Good news/bad news from the state of Virginia. Governor Terry McAuliffe had two bills land on his desk, both passed with overwhelming support, that would have assured additional privacy protections for the state’s citizens. Unfortunately, he only signed one of them.
The one with his signature on it institutes a warrant requirement for law enforcement drone usage. McAuliffe originally sent this one back with a suggested “fixes” that would have rendered the proposed warrant requirement completely meaningless.
Rather than require a warrant for all law enforcement use of drones, the governor’s amendments only require warrants for “active criminal investigations,” leaving the door open for persistent, untargeted drone surveillance. Rather than ban the use of evidence collected without a warrant by drones, the governor’s amendments created a procedural loophole where otherwise forbidden evidence could be introduced under a different set of legal standards.
To their credits, the legislators who had passed the bill without massive loopholes refused to fold in the governor’s suggested amendments. The second time it hit his desk, McAuliffe signed it. This passage can be added to the state’s privacy “wins” column, which also includes a warrant requirement for Stingray use.
The bad news is that McAuliffe rejected a bill that would have placed a seven-day retention limit on data gathered by automatic license plate readers. McAuliffe argued — correctly — that this limit was significantly lower than any policy currently in place in Virginia. (And, most likely, anywhere in the nation.) Unfortunately, he used ALPR/law enforcement talking points to do so.
Many localities in Virginia retain this data for 60 days to two years. Seven days is a substantial reduction. Additionally, law enforcement agencies demonstrate that crimes are often not reported until several weeks later. Under this bill, essential data would not be available at the time of those reports. This is particularly concerning when considering implications for the National Capitol Region, where cross-state collaboration and information-sharing are essential to responding to potential criminal or terrorist activity occurring near Virginia’s borders.
Oh, “terrorism,” you rascally, constantly useful justification! Where will you pop up next? (Probably not in areas actually loaded with terrorists, I would guess.)

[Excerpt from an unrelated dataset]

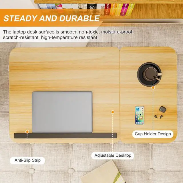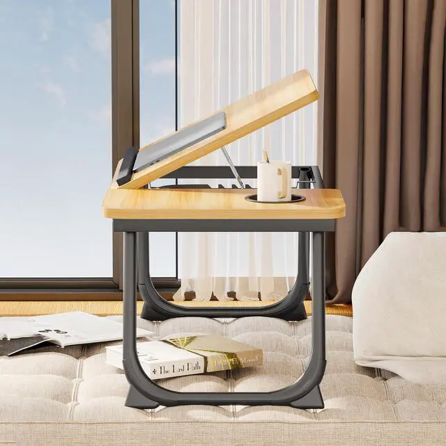 Merchant VideoMultifunction Laptop Desk: The laptop desk is equipped with adjustable tilting top, cup holder and a upgraded soft non-slip hand rest. The right side of the desktop is horizontal, so we can easily operate the mouse.

Unlike drones and Stingrays, ALPRs weren’t originally crafted for use by military personnel in war zones. But here we see the invocation of terrorism as a justification for passively scanning thousands-to-millions of license plates every day. Sure, any vehicle traveling in public areas can be observed, but multi-point collections of plate/location data gives anyone with access a very clear picture of someone’s daily life. While we would expect people currently under investigation to be closely watched by police (and/or “tailed” by proxy by ALPR data), we don’t expect everyone to be subject to the same level of scrutiny simply because the technology has liberated law enforcement officers from performing in-person surveillance.
The destruction of non-hit data within a short time frame shouldn’t be a concern, no matter how much crime/terrorism is afoot in the Virginia area. The amount of plate/location data that can be hauled in by ALPRs is astounding. And the “cross-state collaborations” and “information-sharing” the governor points to only adds to the massive haul. If a potential suspect’s information falls into the seven-day memory hole, there’s a good chance it will return to the database within a matter of days.
As for the stated concern about the lag between criminal activity and its reporting? Well, what did officers do before they had historical ALPR data to rely on? Surely those investigative methods still exist. ALPRs may have made the job easier, but they didn’t destroy previously-existent investigative techniques upon deployment.
On top of this, there’s the fact that if McAuliffe doesn’t pass this law with the limitation intact, state ALPR usage will continue to violate ANOTHER law.
[M]cAuliffe fails to mention [that] law enforcement agencies are already breaking Virginia’s Data Act by storing ALPR data, as the Virginia Attorney General determined in a 2013 legal opinion [PDF].
If he decides to pass the bill with the limit in place, his state may also enjoy a more favorable outcome to the ALPR-related lawsuit filed against it.
Five days after McAuliffe signed the bills, the [ACLU of Virginia] filed a lawsuit [PDF] against the Fairfax County Police Department, which, despite the Attorney General’s guidance, has been storing ALPR data for up to a year and sharing that data with other law enforcement agencies in the region.
McAuliffe has already sided with his constituents’ privacy on two previous bills. There’s a lot of ground for compromise between the seven days the bill asks for and the “up to a year” time limit law enforcement agencies already enjoy. That this bill also landed on his desk with overwhelming legislative support is a pretty good indication that Virginians would like the retention needle pushed closer to one week. Hopefully, he’ll make the right call and continue to allow his state to lead the nation in privacy protections.